**Data section**.
########################################

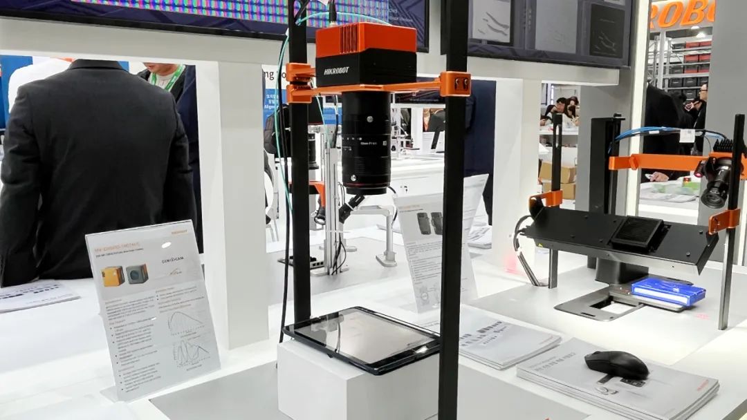 该展台展示了海康机器人DP系列3D激光轮廓传感器,配合VM3D算法对锂电池进行焊缝缺陷检测、顶盖平整度检测、密封钉缺陷检测的场景,具有高精度、高速率的优势。
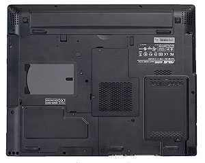 Снизу крышки отсеков жесткого диска, модулей памяти и плат mini-PCI, аккумуляторная батарея и решетки динамиков, расположенные по углам в передней части ноутбука.
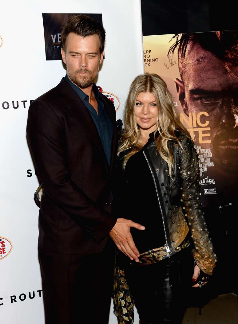 Fergie não deixou de acompanhar o marido, Josh Duhamel, na première em Hollywood, nos Estados Unidos, do filme 'Scenic Route', no qual o ator vive o protagonista Mitchell. Nas fotos, clicadas na terça-feira (20), a cantora exibe o barrigão de grávida ao lado do amado
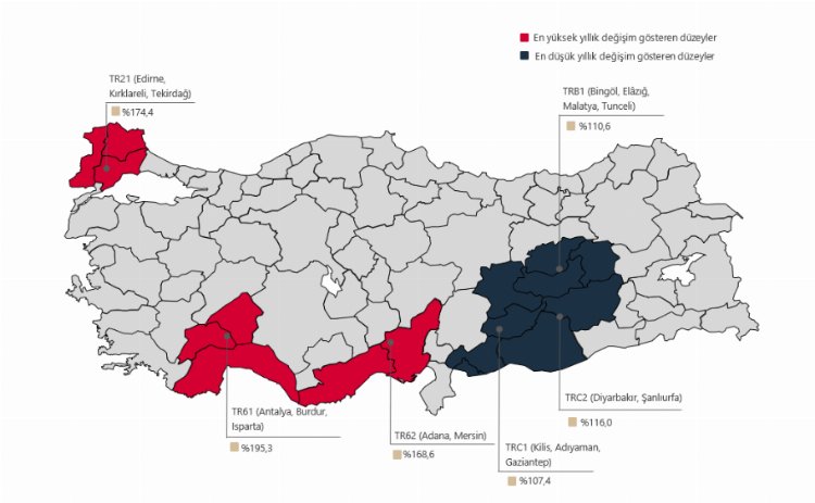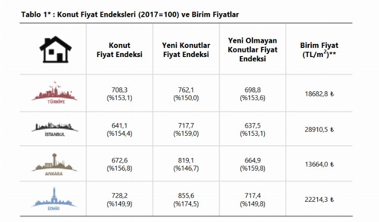 Endeks değerleri bir önceki yılın aynı ayına göre, İstanbul, Ankara ve İzmir’de sırasıyla yüzde 154,4, 156,8 ve 149,9 oranlarında artış gösterirken, bir önceki yılın aynı ayına göre yüzde

########################################

**Problem**.
Images stay out, but the rest of the data above must be repeated exactly.

**Response for this exercise**.
 该展台展示了海康机器人DP系列3D激光轮廓传感器,配合VM3D算法对锂电池进行焊缝缺陷检测、顶盖平整度检测、密封钉缺陷检测的场景,具有高精度、高速率的优势。
 Снизу крышки отсеков жесткого диска, модулей памяти и плат mini-PCI, аккумуляторная батарея и решетки динамиков, расположенные по углам в передней части ноутбука.
 Fergie não deixou de acompanhar o marido, Josh Duhamel, na première em Hollywood, nos Estados Unidos, do filme 'Scenic Route', no qual o ator vive o protagonista Mitchell. Nas fotos, clicadas na terça-feira (20), a cantora exibe o barrigão de grávida ao lado do amado
 Endeks değerleri bir önceki yılın aynı ayına göre, İstanbul, Ankara ve İzmir’de sırasıyla yüzde 154,4, 156,8 ve 149,9 oranlarında artış gösterirken, bir önceki yılın aynı ayına göre yüzde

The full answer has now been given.